• _Provided records_:

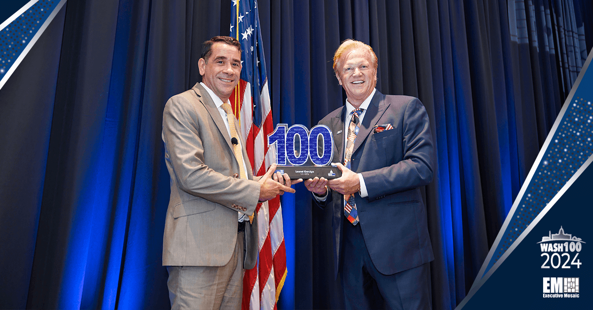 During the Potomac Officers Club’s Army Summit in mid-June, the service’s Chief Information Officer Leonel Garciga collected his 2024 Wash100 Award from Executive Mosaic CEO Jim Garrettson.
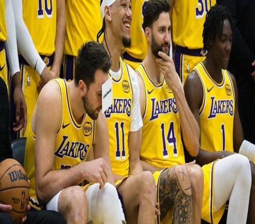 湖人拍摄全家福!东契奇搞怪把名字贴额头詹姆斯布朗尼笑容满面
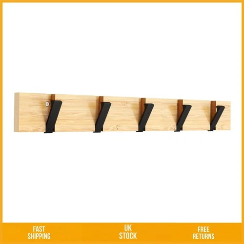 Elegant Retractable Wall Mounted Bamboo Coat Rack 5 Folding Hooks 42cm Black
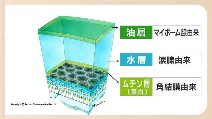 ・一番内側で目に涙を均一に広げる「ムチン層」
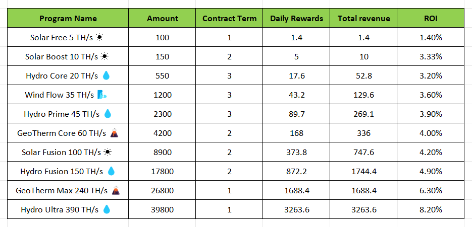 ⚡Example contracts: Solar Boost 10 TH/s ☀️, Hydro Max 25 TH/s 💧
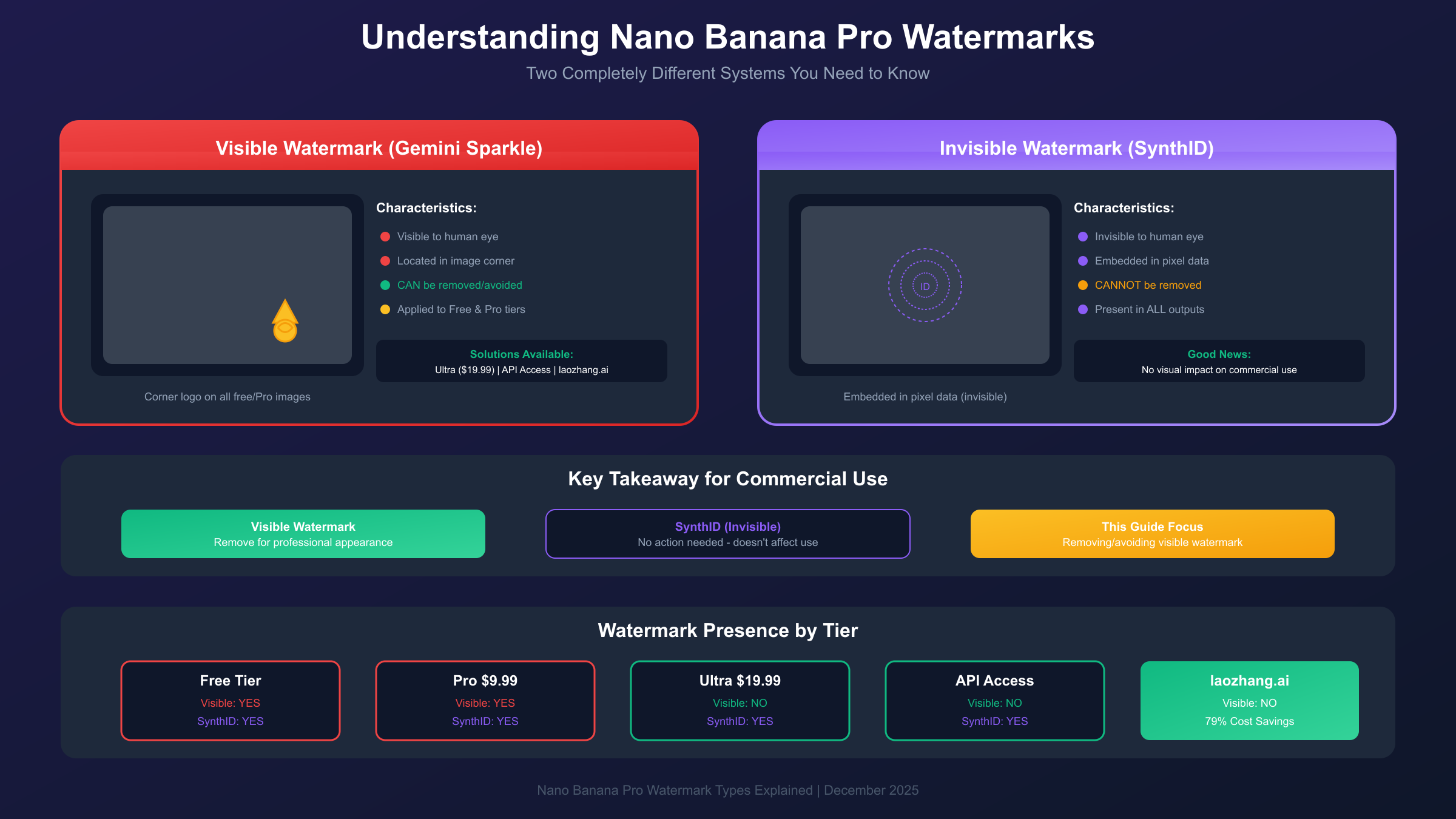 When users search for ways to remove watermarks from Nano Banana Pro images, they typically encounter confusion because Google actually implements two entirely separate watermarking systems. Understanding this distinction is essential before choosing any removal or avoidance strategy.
* * *
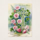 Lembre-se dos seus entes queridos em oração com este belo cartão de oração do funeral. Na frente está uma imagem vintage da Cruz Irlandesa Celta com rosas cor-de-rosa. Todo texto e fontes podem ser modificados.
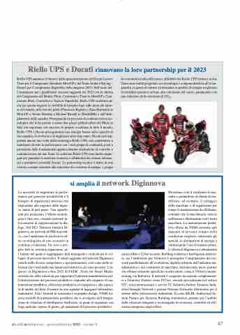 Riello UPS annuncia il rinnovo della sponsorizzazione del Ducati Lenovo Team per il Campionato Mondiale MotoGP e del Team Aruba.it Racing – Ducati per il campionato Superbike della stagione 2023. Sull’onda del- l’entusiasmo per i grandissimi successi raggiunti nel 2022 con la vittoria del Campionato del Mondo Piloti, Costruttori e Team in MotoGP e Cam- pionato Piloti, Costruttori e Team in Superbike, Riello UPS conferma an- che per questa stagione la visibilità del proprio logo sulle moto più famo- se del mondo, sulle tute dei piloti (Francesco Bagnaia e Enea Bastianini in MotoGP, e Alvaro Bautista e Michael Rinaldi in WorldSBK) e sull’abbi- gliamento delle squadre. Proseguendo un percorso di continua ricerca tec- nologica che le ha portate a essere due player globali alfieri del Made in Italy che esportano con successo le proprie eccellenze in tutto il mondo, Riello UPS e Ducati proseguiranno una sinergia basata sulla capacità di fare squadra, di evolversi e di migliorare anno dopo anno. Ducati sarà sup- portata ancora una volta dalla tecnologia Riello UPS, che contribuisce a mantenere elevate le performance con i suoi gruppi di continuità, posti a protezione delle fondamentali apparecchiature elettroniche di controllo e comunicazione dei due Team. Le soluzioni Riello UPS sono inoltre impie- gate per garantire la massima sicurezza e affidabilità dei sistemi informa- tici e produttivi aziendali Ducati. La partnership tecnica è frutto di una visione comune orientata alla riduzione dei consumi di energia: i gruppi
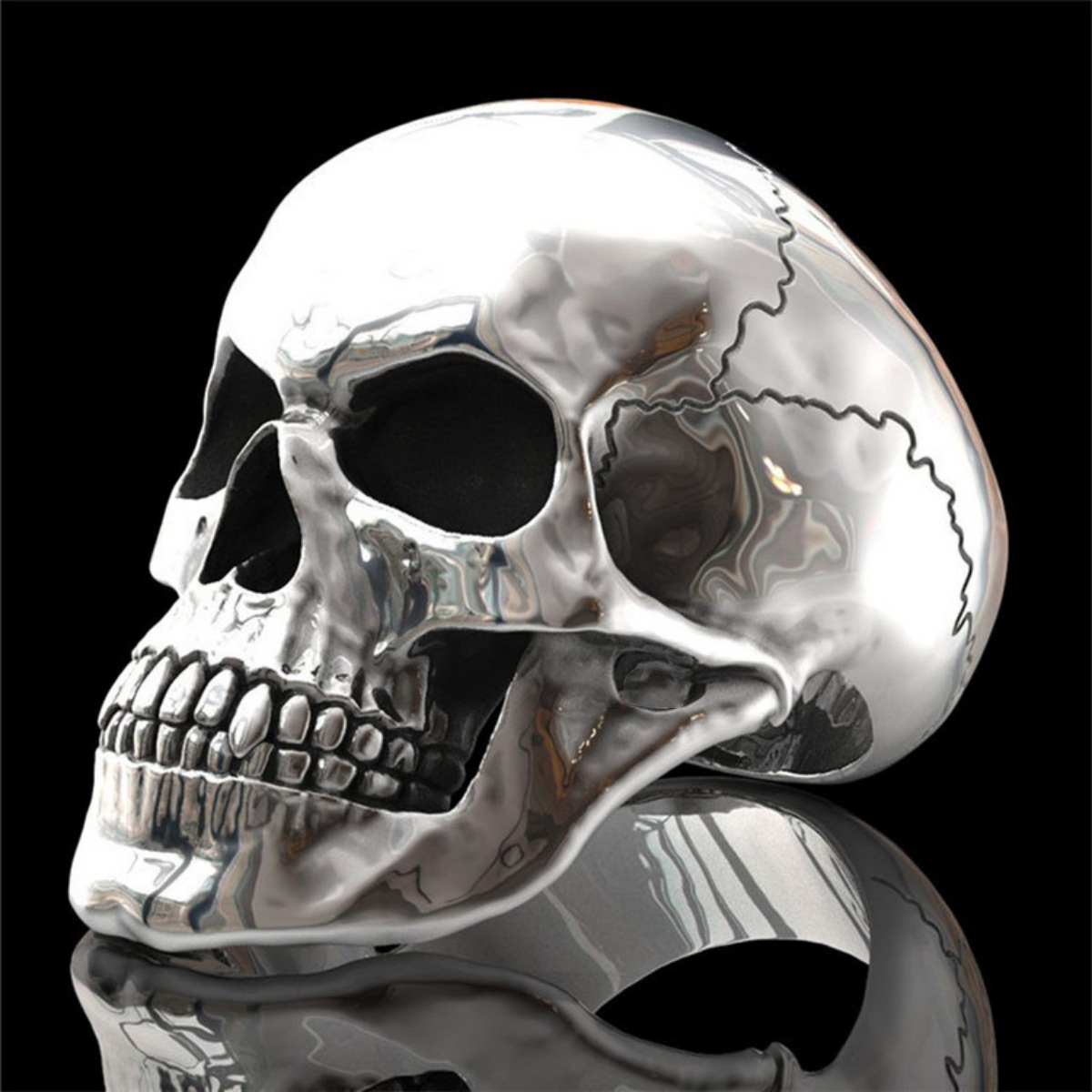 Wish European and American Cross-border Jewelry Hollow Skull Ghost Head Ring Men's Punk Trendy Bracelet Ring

• _Description of the task_:
Using the data above, retype exactly and only the lines from the one containing "Max 25 TH/s 💧" up to and including the one containing "When users search", with no pictures carried over.

• _Response area_:
 ⚡Example contracts: Solar Boost 10 TH/s ☀️, Hydro Max 25 TH/s 💧
 When users search for ways to remove watermarks from Nano Banana Pro images, they typically encounter confusion because Google actually implements two entirely separate watermarking systems. Understanding this distinction is essential before choosing any removal or avoidance strategy.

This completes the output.